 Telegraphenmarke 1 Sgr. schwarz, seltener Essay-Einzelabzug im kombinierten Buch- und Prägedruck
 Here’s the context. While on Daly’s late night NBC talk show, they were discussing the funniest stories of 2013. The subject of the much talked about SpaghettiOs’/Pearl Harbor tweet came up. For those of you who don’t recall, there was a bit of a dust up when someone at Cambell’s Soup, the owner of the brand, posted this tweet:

==

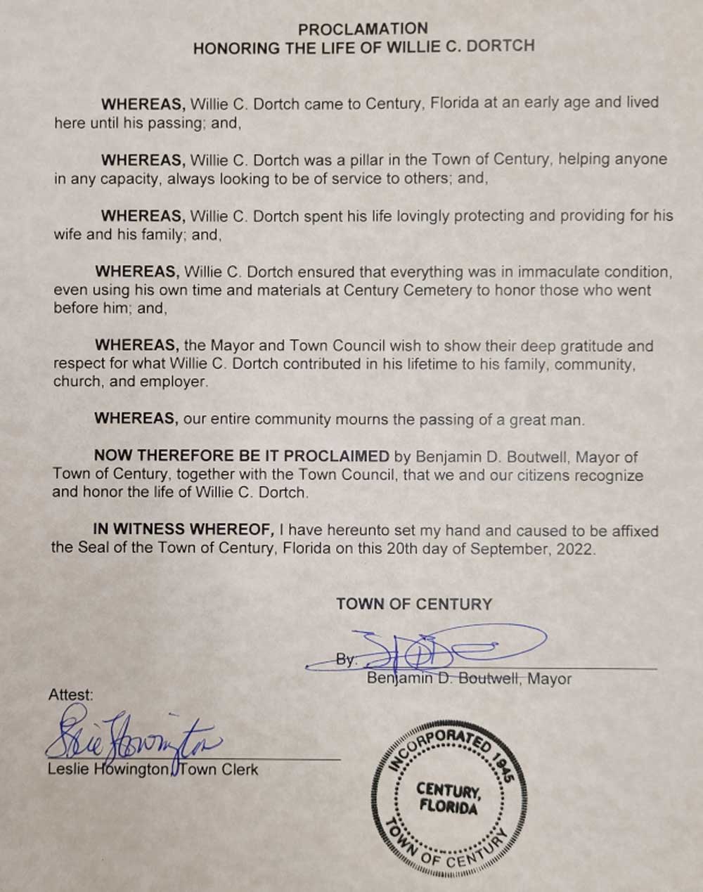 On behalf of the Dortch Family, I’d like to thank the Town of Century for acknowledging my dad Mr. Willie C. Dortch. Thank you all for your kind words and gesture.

...

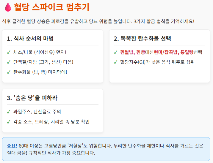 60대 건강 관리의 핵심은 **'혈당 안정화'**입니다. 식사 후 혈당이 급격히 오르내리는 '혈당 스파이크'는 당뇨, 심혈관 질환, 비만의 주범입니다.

**PROBLEM REQUIREMENTS:** Within the material above, copy exactly the lines from the line that holds "Telegraphenmarke 1 Sgr." up to and including the line that holds "Here’s the context.".

**WRITTEN RESPONSE:**
 Telegraphenmarke 1 Sgr. schwarz, seltener Essay-Einzelabzug im kombinierten Buch- und Prägedruck
 Here’s the context. While on Daly’s late night NBC talk show, they were discussing the funniest stories of 2013. The subject of the much talked about SpaghettiOs’/Pearl Harbor tweet came up. For those of you who don’t recall, there was a bit of a dust up when someone at Cambell’s Soup, the owner of the brand, posted this tweet:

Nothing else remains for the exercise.